Abstract

Carinal resection is a technically demanding procedure that is associated with significant morbidity and mortality. We review our experience of carinal resection and analyze its surgical results. Between 1987 and 2004 a total of 35 patients underwent carinal resection for carcinoma involving tracheal carina. Surgical indications are primary non-small-cell lung cancer (NSCLC) in 29 patients, recurrence of NSCLC in 5, and tracheal cancer in 1. Operative procedures were divided into two groups: a reconstruction group (modified montage method in 14, one-stoma type in 2, montage type in 1); and a pneumonectomy group (tracheal sleeve in 10, wedge pneumonectomy in 8). Postoperative complications and survival of the two groups were evaluated. Three patients died postoperatively (8.5%).

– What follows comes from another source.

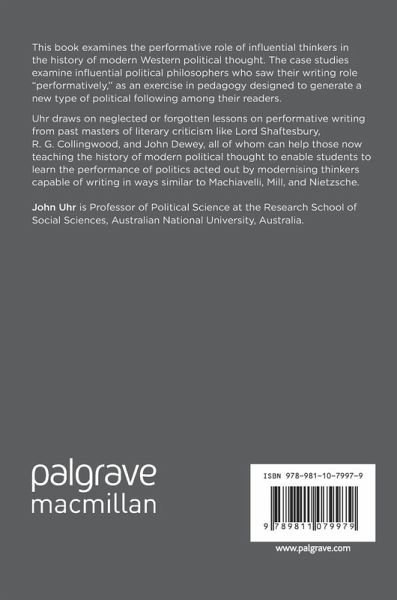 This book examines the performative role of influential thinkers in the history of modern Western political thought. The case studies examine influential political philosophers who saw their writing role 'performatively', as an exercise in pedagogy designed to generate a new type of political following among their readers. Machiavelli, Mill and Nietzsche wrote classic works in political theory (The Prince, On Liberty, Genealogy of Morals) to reform and reshape their readers' ability to think and act politically. Thinkers become performative through what they write in their public performance; and contemporary academic teachers can use this to great pedagogical effect in helping students 'get the point' of political theorising. This book examines how a small sample of classic theoretical performers wrote their remarkable public works.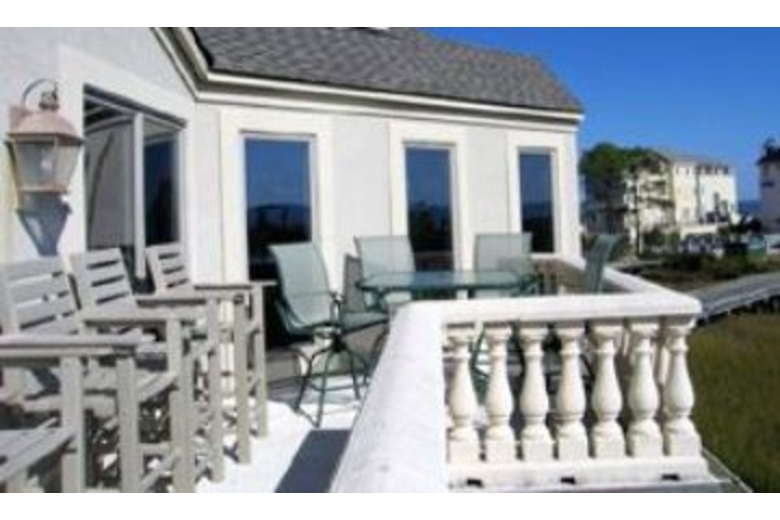 Spacious and tranquil just begins to describe this unique vacation house. With incredible views of the ocean and tidal marsh, the beach is only a short one-minute walk on a wooden bridge. The tidal marsh is beautiful and creates a peaceful buffer zone from beach noises and other homes.

Major complications were noted in eight patients (22.8%), including three anastomotic stenoses, two pneumonias with respiratory failure, one dehiscence, one cardiac herniation, and one empyema. Six of these eight patients were in the reconstruction group. The overall survival was 42.5% at 2 years and 28.3% at 5 years. In patients with primary NSCLC, 7 of 16 patients with NO disease survived more than 5 years, but all 13 patients with N1 or N2 disease died within 3 years. In the pneumonectomy group, 9 of 13 patients died within 2 years. Carinal resection for tracheobronchial carcinoma is feasible with acceptable morbidity and mortality. Nodal involvement can be a potential contraindication for carinal resection. Careful selection of patients is crucial, especially when pneumonectomy is required.